HCC specimens used in the present study were obtained from HCC patients who underwent liver resection and gave their informed consent. The following liver tumor-derived cell lines SSMC-7721, QGY-7703, BEL-7404, BEL-7405, YY-8103 and Huh-7, were employed in the present study. These cell lines were grown in Dulbecco’s modified Eagle’s medium (DMEM), supplemented with heat-inactivated 10% fetal bovine serum (Gibco, Carlsbad, CA, USA) at 37ºC in a 5% CO₂ humidified incubator.

Antibodies against FAM9C, GAPDH, Lamin A and β-actin were from Santa Cruz Biotechnology Inc. (Santa Cruz, CA, USA). Antibodies against phospho-Akt (pAkt and Ser473) and Akt were from Cell Signaling Technology (Beverly, MA, USA). Propidium iodide (PI), 3-(4,5-dimethylthiazol-2-yl)-2,5-diphenyltetrazolium bromide (MTT), 5-Aza-2′-deoxycytidine (5-Aza-dC), 4′-6-diamidino-2-phenylindole (DAPI) and PI3K inhibitor LY294002 were purchased from Sigma Chemical Co. (St. Louis, MO, USA).

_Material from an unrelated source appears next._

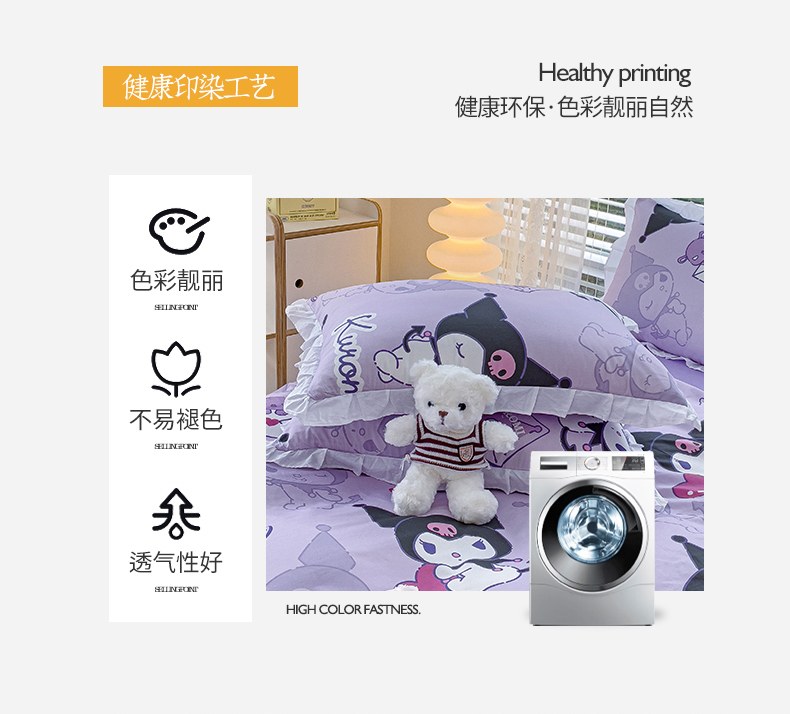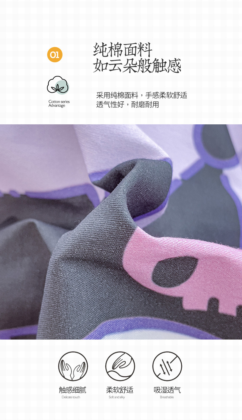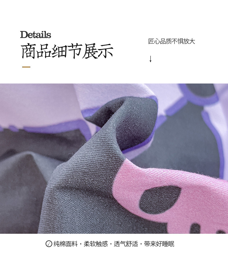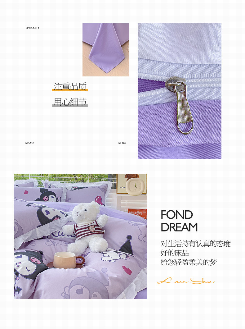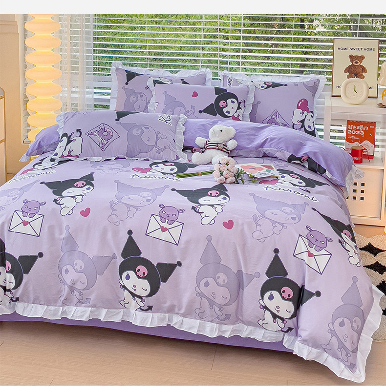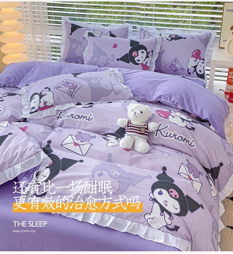 商品名称:桃子 2023新款三丽鸥正版授权韩版花边少女纯棉系列四件套 棉花边-紫紫库洛米

SSMC-7721 and BEL-7405 cells were seeded at a density of 5×10⁵/100-mm dishes, cultured for 48 h, and treated with 2 mM 5-Aza-dC (Sigma Chemical), a demethylating agent. Forty-eight hours after treatment, cells are washed with PBS and fresh medium was added. Cells are further incubated for another 48 h before isolation of total cellular RNA.

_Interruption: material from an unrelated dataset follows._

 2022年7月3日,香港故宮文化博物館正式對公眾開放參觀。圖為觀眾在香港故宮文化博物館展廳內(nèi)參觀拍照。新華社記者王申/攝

RNA from HCC specimens and cell lines were extracted using TRIzol^® Reagent (Invitrogen Life Technologies, Carlsbad, CA, USA) according to the manufacturer’s instructions. Total RNA was treated with DNase I to avoid DNA contamination, the quality and quantity of extracted RNA was confirmed by NanoDrop 2000 (Thermo Fisher Scientific, Waltham, MA, USA). RNA reverse transcription reaction was performed using M-MLV reverse transcriptase (Promega), according to the manufacturer’s instructions. The primers sequences used in this study were as follows: upstream: 5′-TAG GAGCTGGAGGCTGAGAG-3′ and downstream: 5′-GGTTG AAGAGACAATGAAGTGCC-3′ for FAM9A gene amplification (NM_174951.2); upstream: 5′-GCAGTGCAGTGGTG TGATCT-3′ and downstream: 5′-CTTTCCTGCATGCTTCT TCC-3′ for FAM9B gene amplification (NM_205849.1); upstream: 5′-CTGAGGGAGCAACATCAGGG-3′ and downstream: 5′-TTGGTATCAACCCCCGTGTG-3′ for FAM9C gene amplification (NM_174901.4); and β-actin, a typical housekeeping gene used as the internal control, upstream: 5′-AATCGTGCGTGACATTAAGGAG-3′ and downstream: 5′-ACTGTGTTGGCGTACAGGTCTT-3′. All reactions were performed in triplicate in an Applied Biosystems 7300 Real-time PCR system. The relative mRNA level of the target gene was calculated using the comparative threshold cycle method (2^−ΔΔCt) normalized by β-actin expression (13).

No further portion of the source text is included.